Sangrou o bicho, espalhou o sangue por um longo caminho e jogou o porco-do-mato
dentro de um alçapão. Subiu na árvore e assuntou.
Quando
a lua estava bem no meio do céu, os mistérios da meia-noite começaram a
inquietar a alma do caçador. A mata silenciou e nem o zunido ameaçador das
suvelas ouviu-se mais.
Foi
então que ele viu, aproximando-se, entre os matos finos que se estendiam sobre
a picada um hominho de cabelos vermelhos e pés pra trás. O pequenino encantado
emitia um som de dor e revolta. Investiu sobre o alçapão e destruiu com
poderosos golpes os feixes de gravetos entrelaçados que serviam de prisão para
o porco-do-mato. O bichinho ainda respirava, mas sangrava muito. Antes de
socorrer o porco nos ombros e ganhar o rumo da mata, o anãozinho achou o
caçador se tremendo todo lá em cima, no mutá. Olhou para ele e...
Aí,
aí... Quem conta outra?
Aí,
sabe, num reino encantado, bem distante dali morava um príncipe muito bonito e
muito bondoso. O príncipe tinha um primo que morava lá no alto das grandes
serras, onde o céu é escuro e a noite é fria.
Este
primo era muito mau e morria de inveja do príncipe porque ele era bonzinho e
tinha muitos amigos e admiradores. O primo mau não tinha ninguém. Nem pai, nem
mãe. Nasceu de um galho de espinheira e foi criado por um cachorro do mato e
por um pavão sem cor.
Um
dia ele encontrou uma bruxa que andava por ali pela floresta doida pra malinar
com alguém. Então o primo mau prometeu para a bruxa que se ela transformasse o príncipe em um urubu e,
também, se ela encantasse todo o reino para que dele fosse amigo e bajulador,
ele a levaria para morar no castelo e lá, ela poderia fazer as perversidades
que quisesse.
Aí,
sabe, a bruxa jogou o encanto, e no outro dia o príncipe apareceu no quintal
bicando a lixeira e ciscando um restinho de comida aqui, outro ali. Foi então
que apareceu a fada madrinha e ...
Aí,
aí... Quem conta outra?
Aí,
sabe, na beira do rio São Francisco, em Barcarena, morava uma família temente e
devota das coisas do Senhor.
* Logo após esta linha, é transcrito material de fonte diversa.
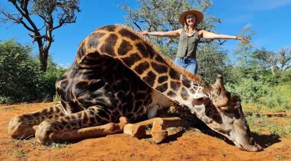 El mundo está lleno de imbéciles y esta mujer es la clara muestra de eso: mató a una jirafa, se sacó fotos con el corazón del animal y dijo que con eso ayudaba a las especies en peligro de extinción.

Um dia, o vizinho lá do centro veio e avisou:
“olha, não presta cozinhar carne de caça na semana santa, que a cobra Sofia se
enfeza e vem buscar a gente”. A família não maldou. Na quinta-feira, a pesca
rareou. A fieira que o pai trouxe não dava pra nada. A mulher então inteirou o
comer daquele dia com um quarto de paca que ela tinha salgado dias antes. A
família comeu à vontade. Empanzinaram-se de costela assada com farinha e com o
caldo de peixe.
No
outro dia, em jejum, o pai saiu pra pesca, com o filho mais novo. Quando
cruzaram a ponte nova, sentiu o banzeiro. O pai fez ai Jesus e benzas deus e
remou o mais forte que pode. Mais adiante, já quase chegando no porto da balsa, a cobra Sofia ergueu-se das
águas a quase dez braças do nível da maré e avançou sobre a canoa do caboclo.
Nessa hora ele deu um grito medonho, se pegou com todos os santos e...
Aí,
aí... Quem conta outra?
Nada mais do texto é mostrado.